A 0.18 kg baseball moving at +26 m/s is slowed to a stop by a catcher who exerts a constant force of −360 N.
a) How long does it take this force to stop the ball?
b) How far does the ball travel before stop- ping?
force * time = change in momentum
360 * t = .18*26
solve for t
a = change in velocity/time
= -26/t
Vi = 26
d = Vi t + (1/2)a t^2
d = 26 t - (1/2)(26)t
d = 13 t
To solve this problem, we can use the equations of motion. The equation that relates force, mass, acceleration, and time is:
F = ma
Where:
F is the force applied,
m is the mass of the object,
a is the acceleration of the object.
In this case, the force applied by the catcher is constant and is equal to -360 N. The mass of the baseball is 0.18 kg.
a) How long does it take this force to stop the ball?
To find the time taken to stop the ball, we need to calculate the acceleration first.
From the equation F = ma, we can rearrange it to solve for acceleration:
a = F/m
a = (-360 N) / (0.18 kg)
a = -2000 m/s^2
Since the initial velocity is +26 m/s and the final velocity is 0 m/s when the ball stops, we can use the following equation to find the time taken:
v = u + at
Where:
v is the final velocity,
u is the initial velocity,
a is the acceleration of the object,
t is the time taken.
From the equation, we can solve for t:
0 = 26 m/s + (-2000 m/s^2) * t
Rearranging the equation, we have:
26 m/s = (-2000 m/s^2) * t
t = 26 m/s / 2000 m/s^2
t = 0.013 s
Therefore, it takes about 0.013 seconds for the catcher to stop the ball.
b) How far does the ball travel before stopping?
To find the distance traveled, we can use the following equation:
s = ut + 0.5at^2
Where:
s is the distance traveled,
u is the initial velocity,
t is the time taken,
a is the acceleration of the object.
Substituting the given values:
s = (26 m/s) * (0.013 s) + 0.5 * (-2000 m/s^2) * (0.013 s)^2
Simplifying the equation:
s = 0.338 m
Therefore, the ball travels about 0.338 meters before stopping.
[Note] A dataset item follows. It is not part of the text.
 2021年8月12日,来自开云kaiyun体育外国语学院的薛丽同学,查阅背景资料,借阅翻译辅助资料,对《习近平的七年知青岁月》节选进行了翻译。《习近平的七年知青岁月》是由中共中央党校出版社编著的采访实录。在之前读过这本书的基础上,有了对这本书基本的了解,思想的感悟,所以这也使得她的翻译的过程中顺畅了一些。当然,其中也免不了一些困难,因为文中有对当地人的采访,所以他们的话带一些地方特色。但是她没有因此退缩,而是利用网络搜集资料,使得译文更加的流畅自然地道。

To solve this problem, we can use Newton's second law of motion, which states that the force acting on an object is equal to its mass multiplied by its acceleration. We can use this equation to find the acceleration of the baseball:
F = m * a
Where:
F is the force applied by the catcher (-360 N)
m is the mass of the baseball (0.18 kg)
a is the acceleration of the baseball
a) To find the acceleration:
Rearrange the equation to solve for acceleration:
a = F / m
Substitute the given values:
a = -360 N / 0.18 kg
Calculate the acceleration:
a = -2000 m/s² (since force and acceleration have opposite signs)
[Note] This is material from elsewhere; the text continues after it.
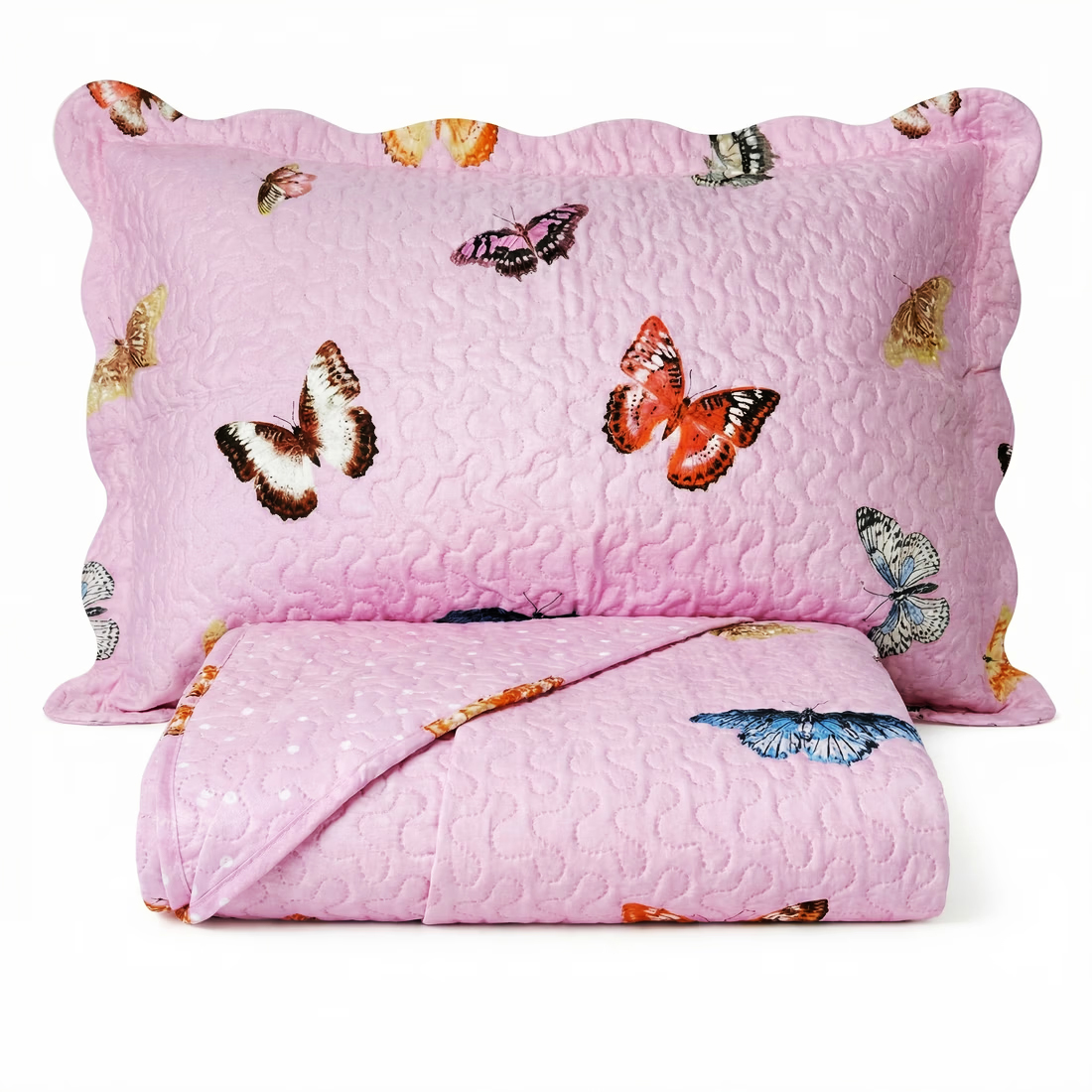 Kit Cobre Leito Bouti KazzaVip Solteiro Teen Microfibra 100% Poliéster Estampado Borboletas 2 peças Rosa

Next, we can use the kinematic equation to find the time it takes for the baseball to stop:
v = u + at
Where:
v is the final velocity of the baseball (0 m/s, since it comes to a stop)
u is the initial velocity of the baseball (+26 m/s)
a is the acceleration of the baseball (-2000 m/s²)
t is the time taken to stop
b) To find the time taken to stop:
Substitute the given values:
0 = 26 m/s + (-2000 m/s²) * t
Rearrange the equation and solve for time:
t = (0 - 26 m/s) / -2000 m/s²
Calculate the time taken to stop:
t = 0.013 seconds (rounded to three decimal places)
Now, to find the distance traveled before stopping, we can use another kinematic equation:
s = ut + (1/2)at²
Where:
s is the distance traveled before stopping
u is the initial velocity of the baseball (+26 m/s)
t is the time taken to stop (0.013 seconds)
a is the acceleration of the baseball (-2000 m/s²)
Substitute the given values:
s = 26 m/s * 0.013 s + (1/2) * (-2000 m/s²) * (0.013 s)²
Calculate the distance traveled before stopping:
s = 0.170 meters (rounded to three decimal places)
Therefore, the answers to the questions are:
a) It takes 0.013 seconds for the catcher to stop the ball.
b) The ball travels approximately 0.170 meters before stopping.